В большом помещении, носившем название "ожидальная", потому что зимой в нем сотни рабочих ожидали расчета, кипела работа. Плотники натягивали на раму полотно, устраивали скамьи для публики и загородку для рабочих.
Конторщики то и дело выскакивали из конторы и прибегали смотреть, как идет работа и успеют ли закончить все к вечеру воскресенья, когда была назначена премьера.
Уже в субботу с утра в конторе никто не занимался. Все бродили от одного стола к другому и с напускным видом равнодушия вели беседы.
- Симпатичный он человек, этот Кибабчич. Такой простой. Вчера даже обедал у штейгера Анисимова.
- Ну?.. Все-таки, что ни говорите, затеять такое дело нужна большая сметка! Ведь это как театр!
- А его сестра на мандолине играть будет, - сказал пронырливый Масалакин.
- Что ты! Артистка?
- Значит, артистка, если играет на мандолине!
- И ты с ней знаком?
- Ну, не знаком еще. Но могу познакомиться... через Анисимова.
Все пожали плечами, но на лицах читалась самая некрасивая, незамаскированная зависть.
Наступило воскресенье.
Хотя начало сеанса было назначено в восемь часов, но рабочие пришли в четыре, конторщики - в шесть с половиной, а бухгалтер и штейгер, как истые аристократы, пресыщенные жизнью и удовольствиями, - в семь часов.
Масалакин, этот несокрушимый смелый лев, успел-таки познакомиться с сестрой Кибабчича, невзрачной брюнеткой, и с семи часов вечера уже стоял около ее стула, рассматривая мандолину с искусственным спокойствием человека, умеющего владеть собой.
Масалакин одет был шикарнее всех. На нем был смокинг, темно-красный закрытый жилет и изящные скороходы, сквозь верхние прорезы которых виднелись чистые белые чулки. На пальце сверкал огромный бриллиант, вымененный у Петухина на собрание сочинений Жюля Верна, а в галстуке торчала такая громадная булавка, что Масалакин время от времени одним размашистым движением подбородка сверху вниз втыкал ее глубоко по самую шляпку в галстук.
Дамы смотрели на него с обожанием, конторщики завидовали, а он бросал на всех рассеянные, снисходительные взгляды и вел со своей соседкой разговор вполголоса.
И думал он: "Почему не все люди одинаковы? Почему я красив, блестящ и умею поговорить, а другие конторщики - жалкие, невидные, ничем не выделяющиеся... Почему одних Господь отличает, а других сваливает в одну кучу?.."
Премьера удалась на славу. Картины весело мелькали на экране, m-lle Кибабчич играла вальс "Сон жизни", а Масалакин изредка наклонялся к ней с целью показать, что между ними уже установились дружеские отношения, и спрашивал:
- А из "Евгения Онегина" Чайковского что-нибудь играете? Или марш "Вахтпарад"?
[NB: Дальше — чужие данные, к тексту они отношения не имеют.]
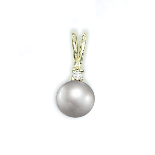 Luxusní zlatý přívěsek zdobený briliantem a přírodní kulatou perlou šedou o rozměru 7,5 mm. Diamant má průměr 1,9 mm kvalita Si/G ,karátová váha je 0,027ct. Celková výška přívěsku je 18 mm. Šperk je vyhotoven ze žlutého zlata ryzosti 585/1000, orientační hmotnost 1,5g .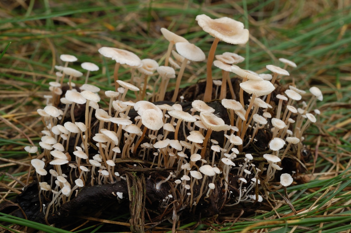 | 자실체 | 갓은 폭 0.2∼1.5cm의 극소형. 처음에는 반구형이다가 둥근산형∼평평해지며 간혹 가운데가 약간 들어가기도 한다. 표면은 미세한 털이 있으며, 중심부에 담황토색∼크림색, 가장자리는 연한 색∼백색을 띤다. 어릴 때는 담갈색을 띠기도 한다. 살은 백색∼습기가 있는 회백색. 식용하지 않는다. 주름살은 백색. 대에 띠붙음, 빽빽하다. 대는 1∼4cm(굵기 0.3∼1mm), 매우 가늘고 약간 황색 끼를 띤 크림색. 밑동은 썩은 식물체나 버섯 또는 부식질과 결합되어 있고 백색의 균사가 있다. |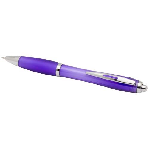 Długopis kulkowy Nash z mechanizmem klikania, wykonany z tworzyw sztucznych pochodzących z recyklingu, charakteryzuje się stylowym, zakrzywionym designem z przezroczystym, kolorowym korpusem ze srebrnymi wykończeniami i dopasowanym kolorystycznie miękkim uchwytem zapewniającym wygodę pisania. Wykonany z plastiku ABS z recyklingu z certyfikatem RCS, przyczynia się do ograniczenia zużycia surowców pierwotnych, zachowując jednocześnie trwałość. Z tyłu umieszczono logo rABS, podkreś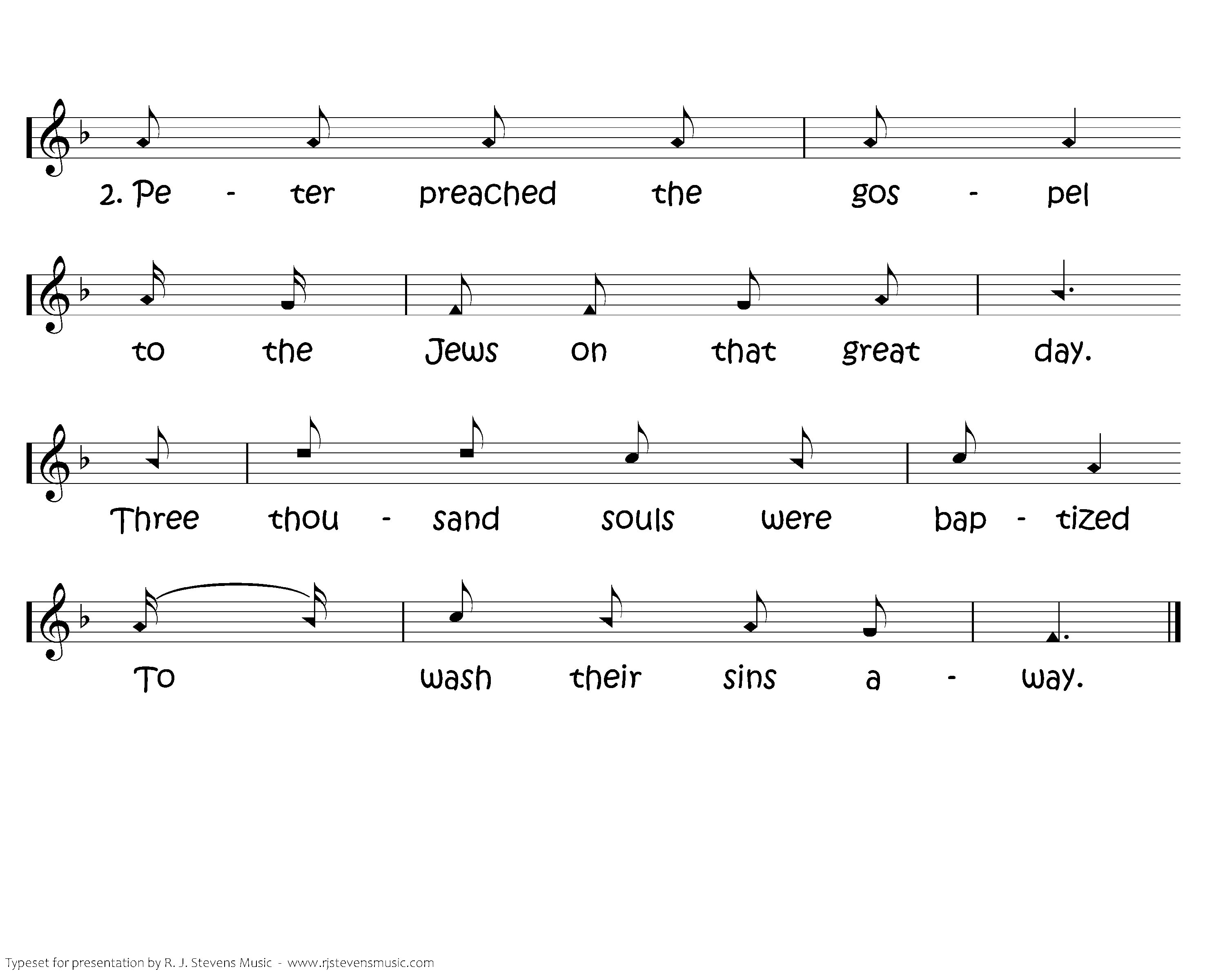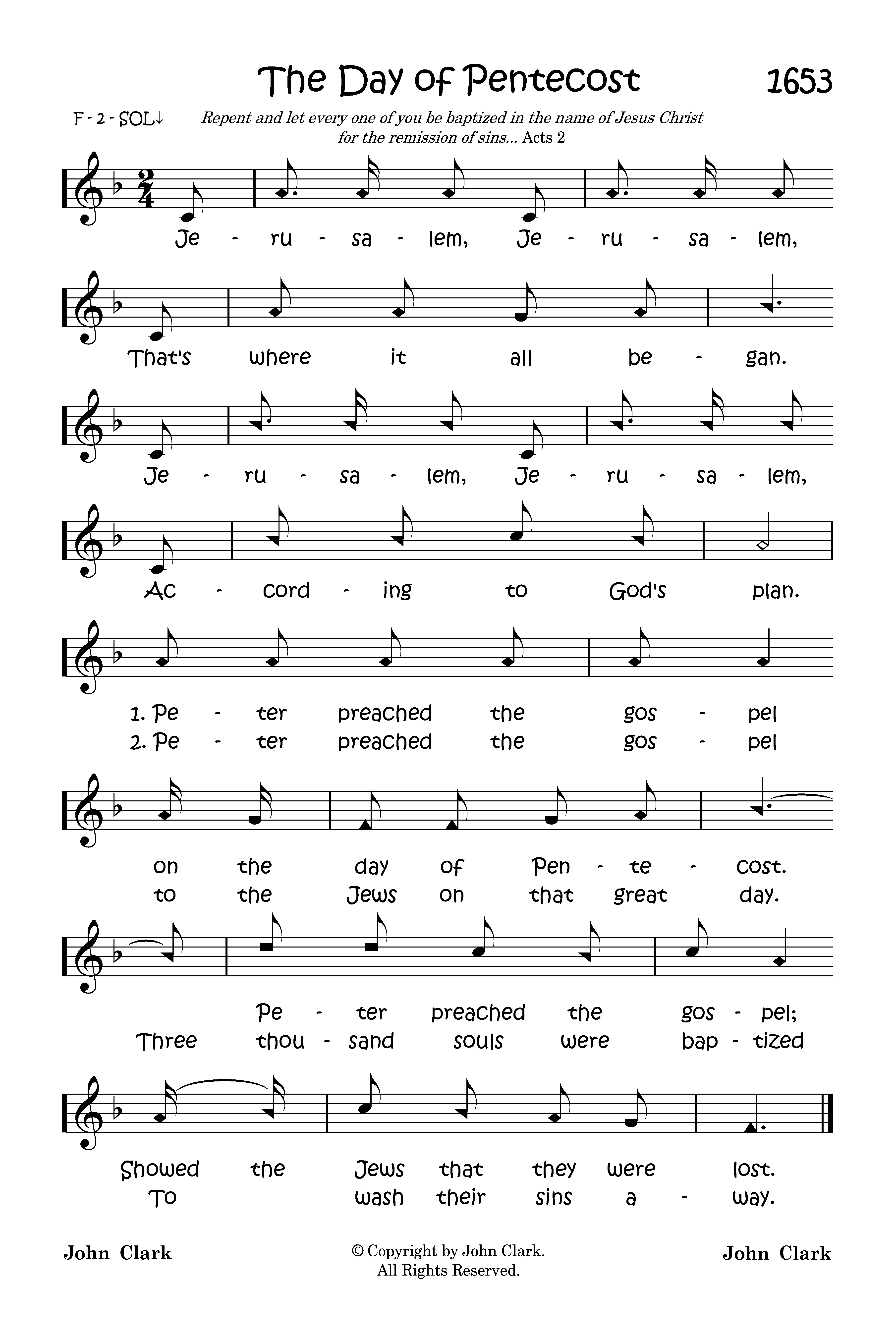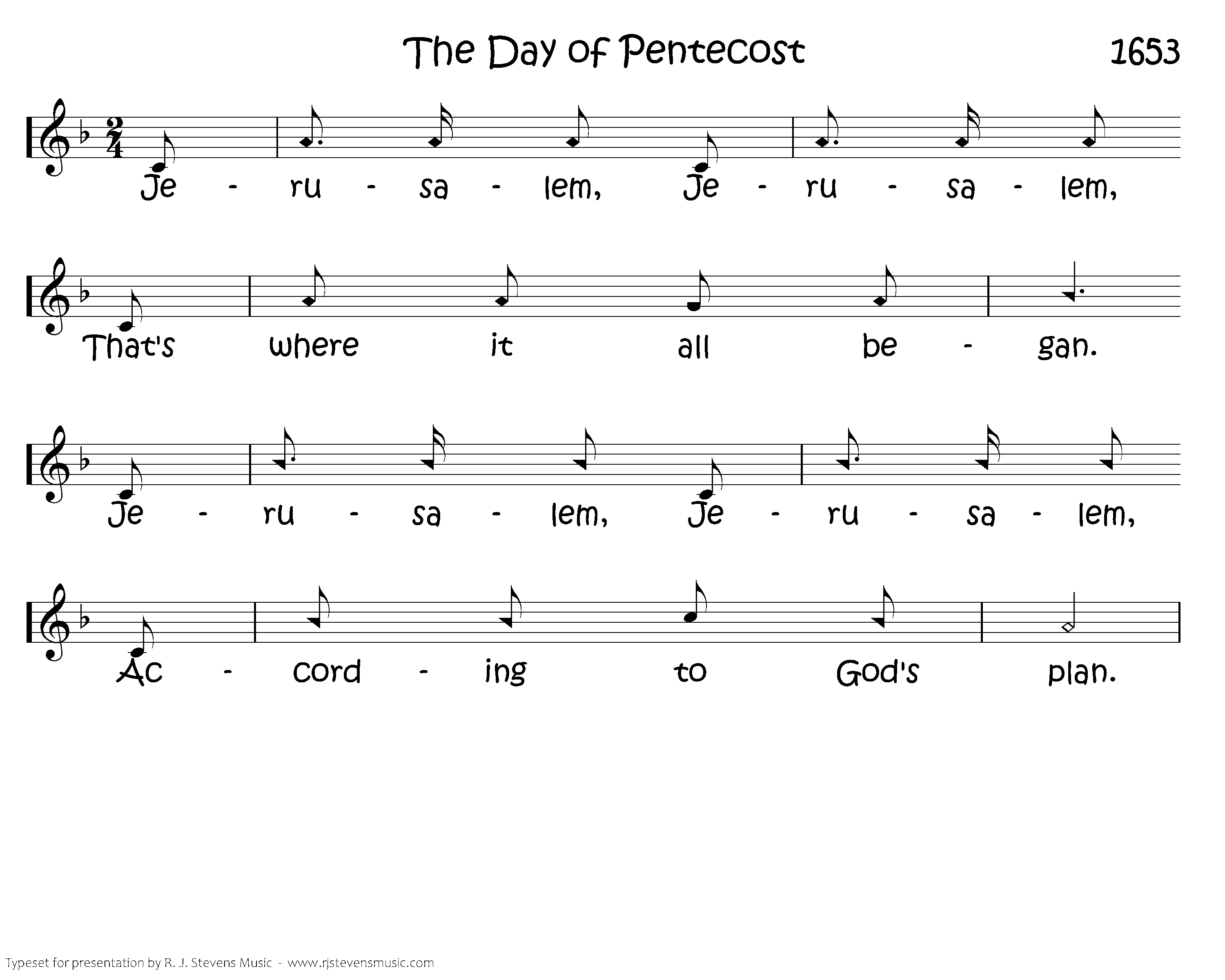 Jerusalem, Jerusalem, That's where it all began. Jerusalem, Jerusalem, According to God's plan. Peter preached the gospel to the Jews on that great day. Three thousand souls were baptized To wash their sins away.

Во время перерыва дочь больничной сиделки Аглая Федоровна подозвала блестящего Масалакина и сказала:
- Фу, какой вы нарядный! Слушайте, вы знакомы с самим антрепренером... как его?
- Кибабчич, - уронил небрежно Масалакин. - Как же, Кибабчич!
- Познакомьте меня с ним.
Масалакин ринулся в будку, вытащил оттуда Кибабчича и, дружески взяв его под руку, потащил в третий ряд.
- Да иди, Костя! Да иди сюда, я тебя с одной барышней познакомлю. Не бойся!
Все ахнули, услышав, что Масалакин уже на "ты" с гордым, богатым директором кинематографа. Конторщики завидовали...
И когда этот человек все успевал?
Утром в конторе опять завидовали блестящему Маса-ълакину, расспрашивали его о домашней жизни директора кинематографа и, подмигивая, говорили:
- А вы прямо ухажером сделались этой, что на мандолине играла. Смотрите, влюбитесь.
Масалакин радостно смеялся.
- Уж и влюблюсь! Просто я люблю театральный мир и артистов. В них есть что-то благородное!
- Она действительно его сестра?
- Да-а. Она окончила курсы игры на мандолине, бывала в Петербурге. Даже несколько раз.
Во время обеденного перерыва Масалакин предложил товарищам:
- Хотите, пойдем в кинематограф?
- Да там же сейчас ничего нет.
- Все равно. Я покажу вам полотно, ленты. Картинки маленькие-маленькие.
И он, как свой человек, повел конторщиков в "ожидальню".
Там царила полутьма. Кибабчич возился в будке, а сестра его меняла на мандолине струну.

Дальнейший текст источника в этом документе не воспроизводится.